AVAILABLE DATA: Begin
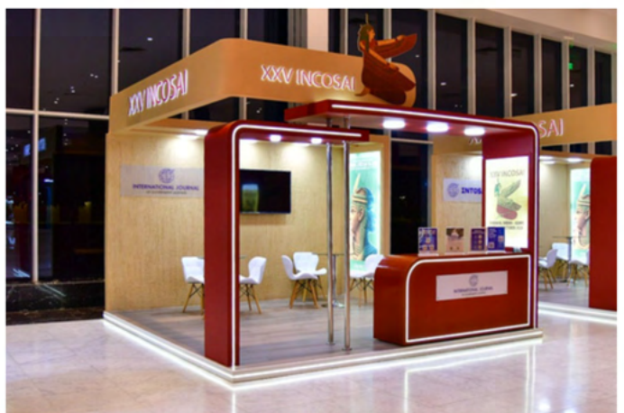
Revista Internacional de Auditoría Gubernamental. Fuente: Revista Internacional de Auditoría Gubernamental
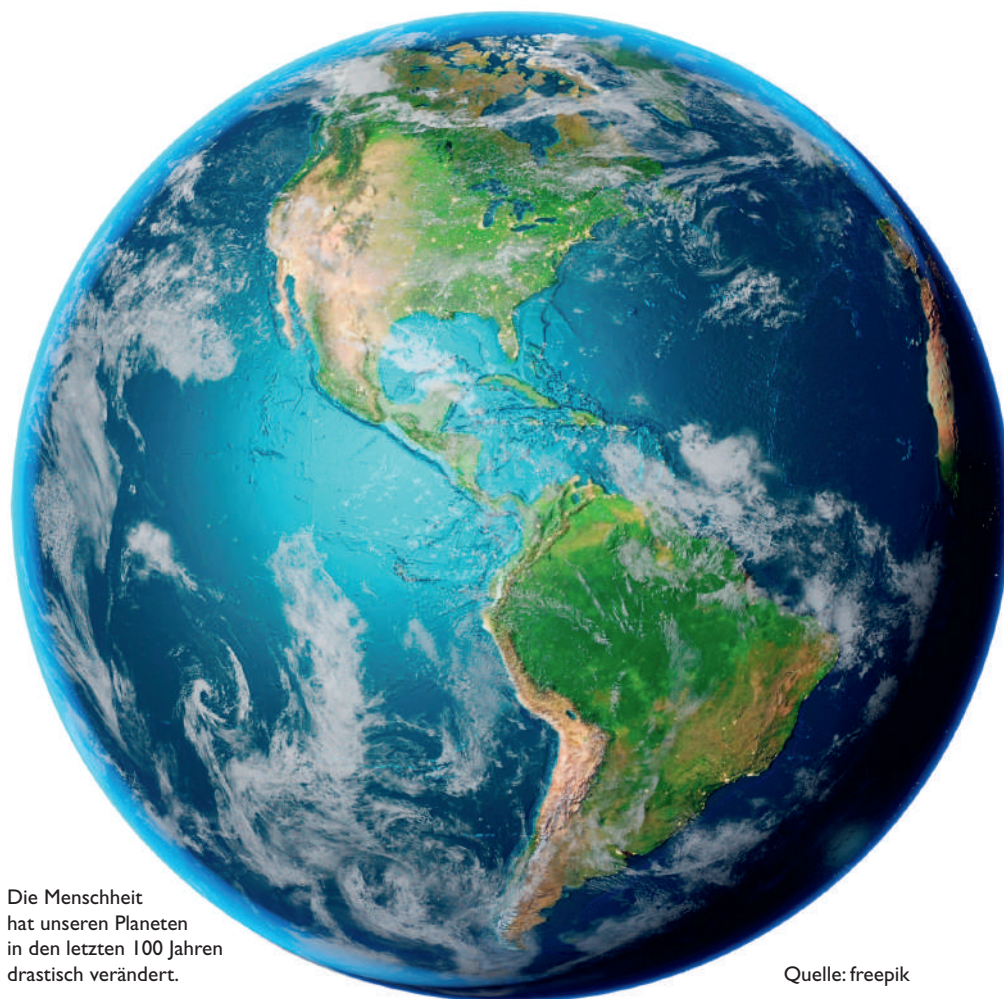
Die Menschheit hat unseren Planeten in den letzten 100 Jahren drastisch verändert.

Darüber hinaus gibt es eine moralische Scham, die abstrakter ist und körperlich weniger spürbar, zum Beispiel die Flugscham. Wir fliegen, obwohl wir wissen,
AVAILABLE DATA: End
AVAILABLE DATA: Begin
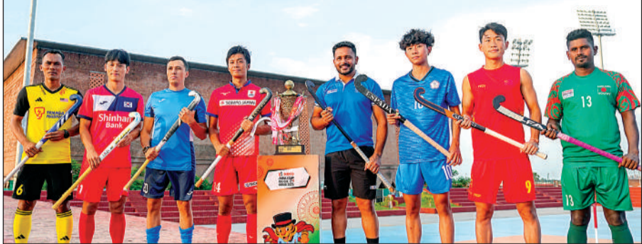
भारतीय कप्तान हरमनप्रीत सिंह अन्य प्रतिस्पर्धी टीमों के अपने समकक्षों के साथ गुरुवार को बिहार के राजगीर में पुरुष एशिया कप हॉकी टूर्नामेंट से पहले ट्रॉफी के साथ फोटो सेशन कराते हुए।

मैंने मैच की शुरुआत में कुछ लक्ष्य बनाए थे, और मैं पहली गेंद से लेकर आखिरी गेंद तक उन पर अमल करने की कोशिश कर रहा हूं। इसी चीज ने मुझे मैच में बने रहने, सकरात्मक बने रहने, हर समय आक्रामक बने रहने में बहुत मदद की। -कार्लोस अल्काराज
AVAILABLE DATA: End
AVAILABLE DATA: Begin
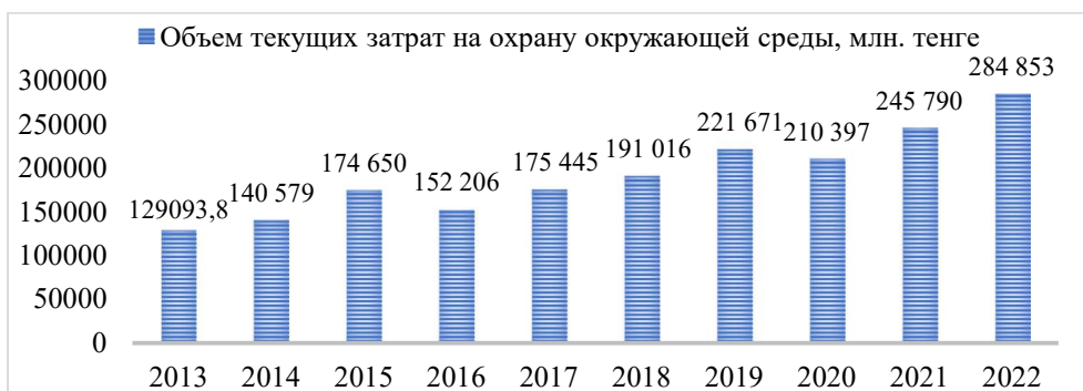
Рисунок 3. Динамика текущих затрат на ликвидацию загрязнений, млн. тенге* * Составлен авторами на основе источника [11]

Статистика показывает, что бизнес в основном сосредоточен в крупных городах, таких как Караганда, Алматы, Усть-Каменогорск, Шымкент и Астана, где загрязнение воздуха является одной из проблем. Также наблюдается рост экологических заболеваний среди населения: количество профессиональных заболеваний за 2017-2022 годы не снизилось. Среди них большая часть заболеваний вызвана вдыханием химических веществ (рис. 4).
AVAILABLE DATA: End
--- THE PROBLEM ---
In the data above, take the line with "Revista Internacional de Auditoría Gubernamental.", the line with "Darüber hinaus gibt", and every line between, and set them down exactly without pictures.

--- ANSWER TO THIS PROBLEM ---
Revista Internacional de Auditoría Gubernamental. Fuente: Revista Internacional de Auditoría Gubernamental
Die Menschheit hat unseren Planeten in den letzten 100 Jahren drastisch verändert.

Darüber hinaus gibt es eine moralische Scham, die abstrakter ist und körperlich weniger spürbar, zum Beispiel die Flugscham. Wir fliegen, obwohl wir wissen,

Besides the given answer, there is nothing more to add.